All pairs (x,y) that satisfy the equation $xy+(x^3+y^3)/3=2007$

How we can find the all pairs $(x,y)$ from the integers numbers ,that satisfy the equation :

$$xy+\frac{x^3+y^3}{3} =2007$$

Observe that the equation is symmetric.

As $3|(x^3+y^3)$, either $(x,y)$ will be $(3a+1,3b-1)$, $(3a-1,3b+1)$ or $(3a,3b)$.

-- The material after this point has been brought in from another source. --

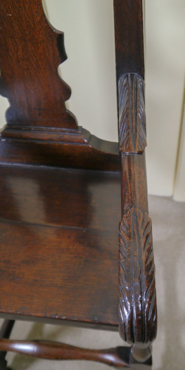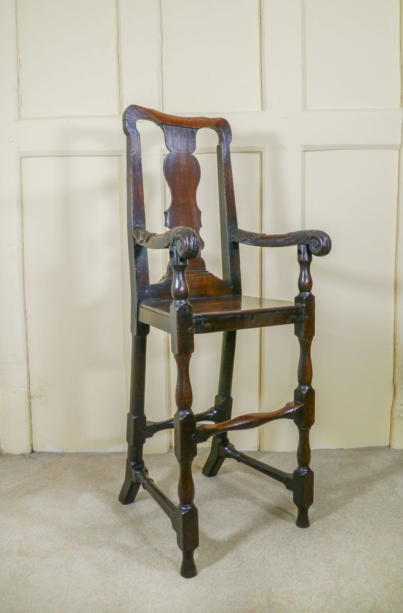 A beautifully proportioned child’s high chair, the shaped cupid’s bow top rail above a well-shaped chamfered back splat, above a boarded seat. The scrolled arms, with acanthus leaf carving, supported on elegantly turned baluster legs, which in turn are joined by similarly turned stretchers. The back legs have a tremendous rake at the bottom, to prevent the chair toppling backwards when in use.

If $(x,y)$ is $(3a+1,3b-1)$, $\frac{x^3+y^3}{3}=3(3a^3+3b^3+3a^2-3b^2+a+b)$

So, 3 must divide $xy$ which is impossible as $xy=(3a+1)(3b-1)$

So, $(x,y)$ will be $(3a,3b)$.

So,$9(ab+a^3+b^3)=2007\implies a^3+b^3+ab=223$

Now, 223 is prime, so, $(a,b)=1$

If we think of solution in natural number, $a<7$ .

By trial (which is aided by $(a,b)=1$), $(a,b)$ is $(6,1)$ or $(1,6)$.

Let $x+y=a,xy=b$ then the equation is equivalent to $$a^3-3abc+3b=6021$$ or $$(a-1)(a^2+a+1-3b)=6020$$ Now it is easy to do.